FDA also received two letters from PC and CFS that were submitted
only to the docket for this rulemaking (Docket No. FDA-1999-F-2405
(formerly Docket No. 1999F-5522), FAP 9M4697). Many of the issues
raised in these letters were also raised in comments submitted by PC
and CFS to the docket for the agency rulemaking on irradiation of
molluscan shellfish. Other issues raised in these letters were specific
to the request in FAP 9M4697; these particular comments were not
responded to in the molluscan shellfish rule. Below, the agency
responds to the specific comments raised in these two letters from PC
and CFS that were not addressed in the molluscan shellfish rule.
The agency also received an additional letter from Food and Water
Watch (formerly PC) and CFS after the rule for the irradiation of
molluscan shellfish published. The comments in this letter are also
addressed below.
[[Page 49600]]
A. 2-Alkylcyclobutanones
During the evaluation of this petition and several others
requesting various applications of irradiation, the agency received
several comments on issues related to 2-ACBs. The agency has previously
addressed most of these comments in the molluscan shellfish rule (70 FR
48057 at 48062-48071), and that discussion will not be repeated here.

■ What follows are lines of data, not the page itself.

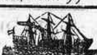
Alfonso XIII, 84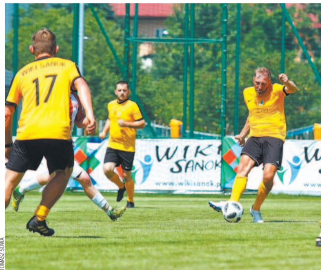
Piłkarze Wiki poradzili sobie z wyżej notowanym rywalem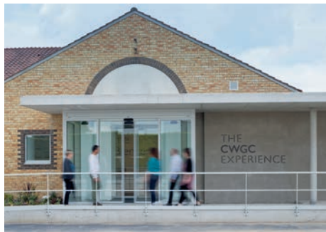
The CWGC Experience (Beaurains, Pas-de-Calais)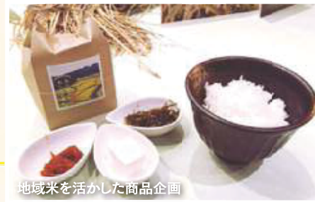
地域米を活かした商品企画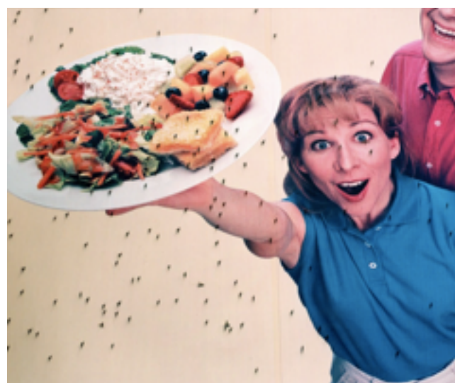
© Stephen Wilkes, « Billboard with flies »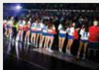
142 Club Handbol Sant Joan Despí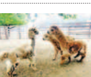
換了新造型的弟弟(左)被姐姐一番打量。

香港文匯報訊 (記者李欣 天津報道) 為了讓羊駝健康舒適地度過炎炎夏日，日前天津動物園特別請來知名的寵物形象設計師，為園內的三隻羊駝打造「時尚」避暑造型。結果，換了新造型的羊駝弟弟，卻遭到姐姐的唾棄。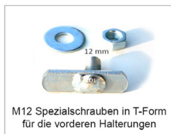
M12 Spezialschrauben in T-Form für die vorderen Halterungen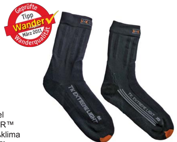
X-SOCKS® Trekking Extreme Light (links: Men, rechts Lady)

Men (S) Gewicht / Paar: 54 g Ladenpreis: 17,95 € Woman (S): Gewicht / Paar: 44 g Ladenpreis: 17,95 € www.x-socks.com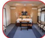
お別れ式場使用料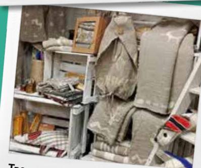
Творческая комната “Patrepe”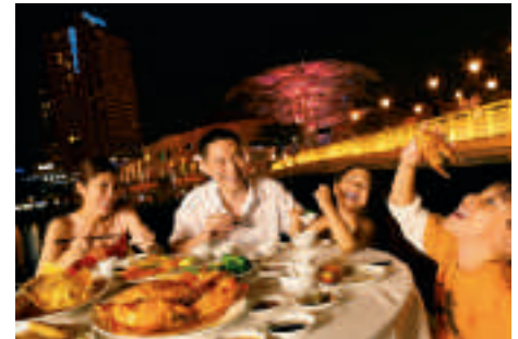
Gourmet-Fans kommen sicher auf ihre Kosten.

Und wenn von sportlichen Highlights die Rede ist, Singapur hat eine eigene Interpretation gefunden: Essen ist der Volkssport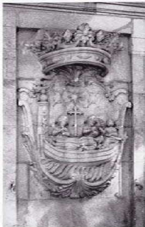
Escudo de la Villa.

Nosotros hemos traído a estas páginas solamente una breve selección de escudos de armas. Ofrecer todos, resultaría impropio de un programa de fiestas. Sin embargo, creemos que la muestra es suficientemente elocuente y prueba, sin género de duda, que nuestro pueblo tuvo destacada importancia en el desarrollo y avatares de las Casas solariegas que, en su tiempo, fueron las clases rectoras de toda la sociedad gallega.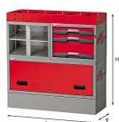
5006 EF6 - Assortment for left side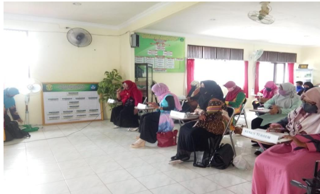
Gambar 7: Tanya Jawab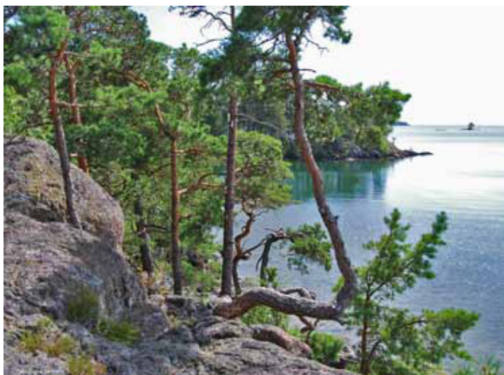
Vätterstranden är dramatisk vid Kagen

Västanvik består av 421 fastigheter. Därutöver finns inom området "samfällid" mark och egendom; vägar, skog, ängsmark, hamnar, va-anläggning m.m. Dessa anläggningar är vår gemensamma egendom, som också ska skötas gemensamt. Läs mer om samfälligheten på hemsidan.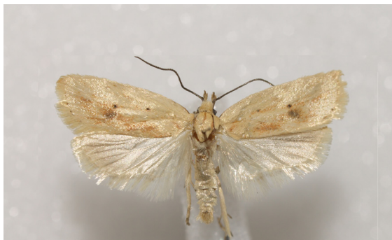
Agonopterix kaekeritziana (Linnaeus, 1767)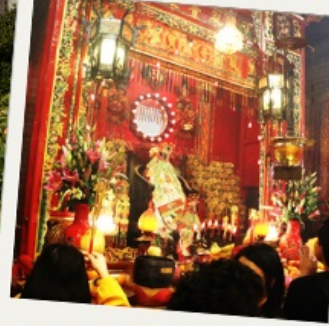
วัดเจ้าแม่กวนอิมฮ่องกง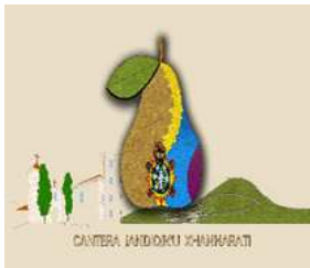
Imagen 2: Escudo del Consejo Comunal de La Cantera.

Los colores verde, azul, amarillo y morado son los colores que representan a la bandera p'urhepecha y junto a ellos su escudo representativo y por ultimo las palabras» LA CANTERA JANDIOJKU XHANARATI «lo que en su traducción tendría varios significados muy parecidos que son los siguientes; la cantera caminara sola, la cantera examinara sola, por mencionar algunas; todo este.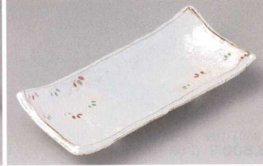
18503-419 雪化粧四ツ足アユ皿 2,950円 (235×115×30mm)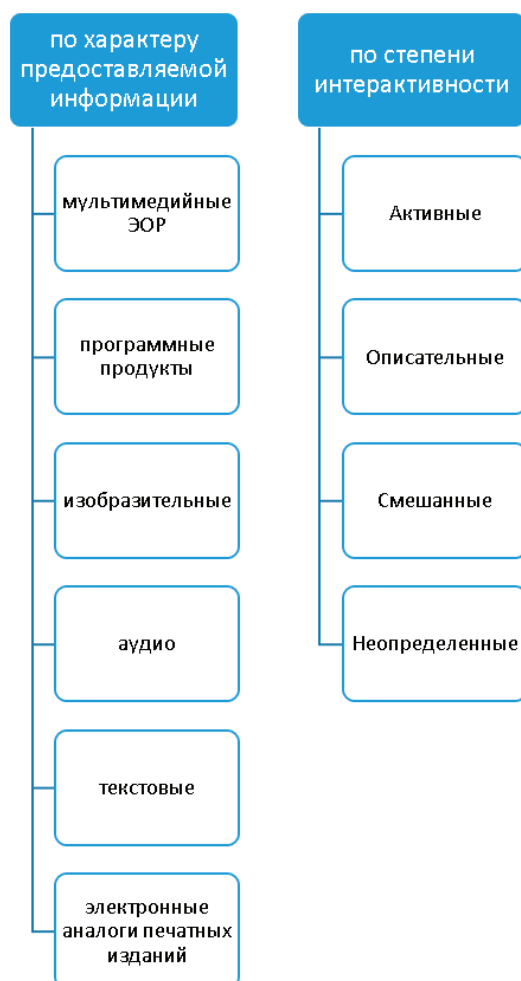
Рис. 4. Классификация по характеру предоставляемой информации и по степени интерактивности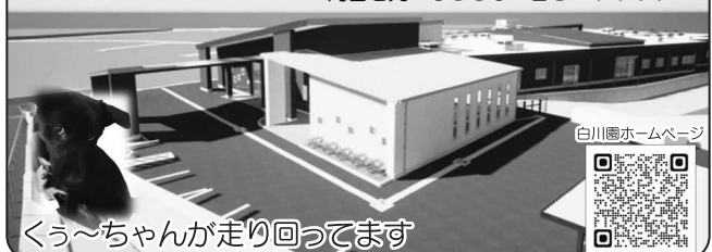
くう~ちゃんが走り回ってます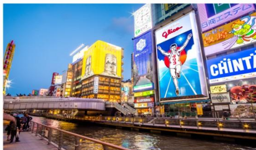
ย่านชินไซบาชิ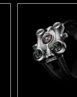
HM6 TI FRONT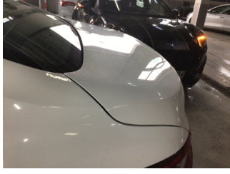
Bagaj kapağı/kapısı, Bagaj kapısı > Noktasal Ezik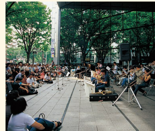
定禅寺ストリートジャズフェスティバル in SENDAI 公園や広場をステージに、だれもが参加でき、気軽に楽しめる音楽祭。全国的なビッグイベントです。ジャズに限らず、あらゆるジャンルの音楽が集い、初秋の杜の都を音楽で鮮やかに彩ります。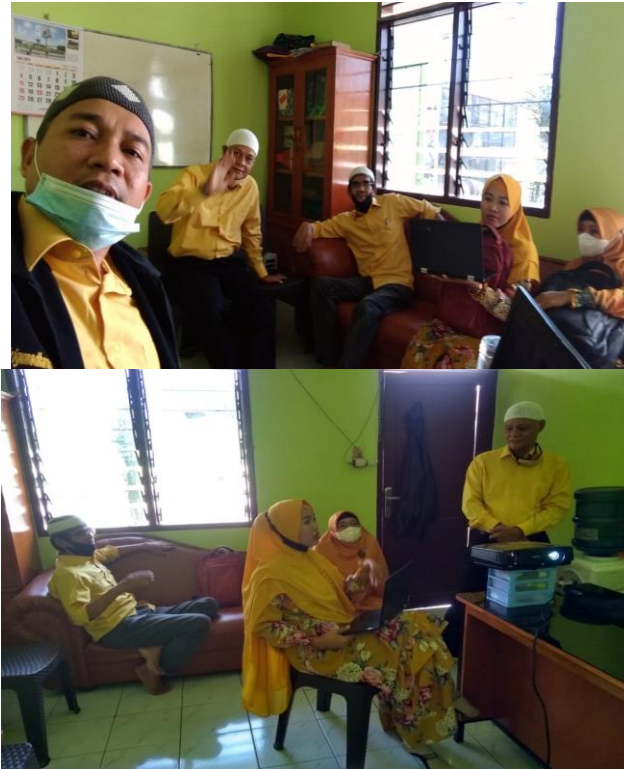
Gambar 2. Fase pelaksanaan kegiatan pada tahap pengarahan

Selanjutnya kegiatan yang dilakukan adalah Implementasi program yang dilakukan ke pihak sekolah untuk mengetahui cara penggunaan program aplikasi dan untuk mengetahui kebutuhan-kebutuhan ataupun kekurangan program agar bisa digunakan pada sekolah ‘Uluwwul Himmah.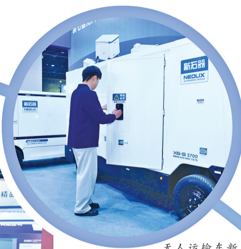
无人运输车新上市备受客商关注。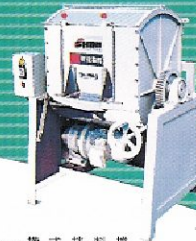
SHM-100 橫式拌料機 Horizontal mixer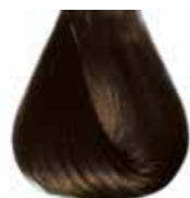
4/0 castano naturale Natural brown - Castaño natural - Châtain naturel Mittelbraun - Castanho natural Каштановый светлый ΚΑΣΤΑΝΟ - كستاني طبيعي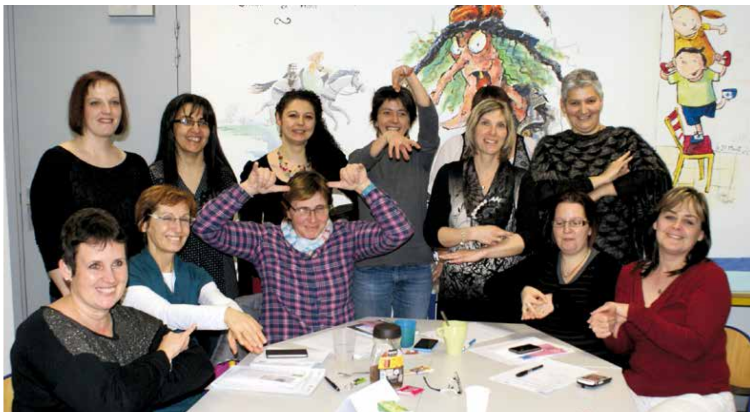
Formation des assistantes maternelles le 20 février 2016

bras et de leurs mains que ceux de leur bouche. Ils sont capables de communiquer par gestes bien avant de pouvoir le faire oralement. L'utilisation de la langue des signes permet aux enfants "préverbaux" de disposer rapidement d'un large vocabulaire pour s'exprimer et être mieux compris de leur entourage en attendant que la parole se mette en place. Ainsi, des mois, voire des années avant d'être en mesure de parler, les enfants peuvent signifier aux autres leurs émotions et sensations. Ils peuvent demander ce dont ils ont besoin. Ils peuvent préciser ce qui leur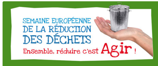
AUCH: semaine européenne de la récupération des déchets

pédagogie, pédagogie et encore pédagogie.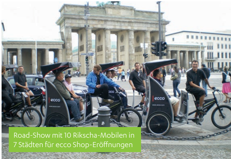
Road-Show mit 10 Rikschas-Mobilen in 7 Städten für ecco Shop-Eröffnungen

However, after the publication of the molluscan shellfish rule, the
agency received an additional comment on 2-ACBs. This comment included
a report that contained data on 2-ACBs present in irradiated turkey,
hotdogs, and papayas.
As noted in section II. A of this document, 2-ACBs are formed in
small quantities when fats are exposed to ionizing radiation. Of the
three foods examined in the study submitted with the comment, only
papayas are from the same generic class as iceberg lettuce and spinach.
(Turkey and hotdogs are foods high in protein and fat that have little
in common with leafy greens.) The report presents data indicating that
2-ACB concentrations in papaya flesh are indistinguishable from zero.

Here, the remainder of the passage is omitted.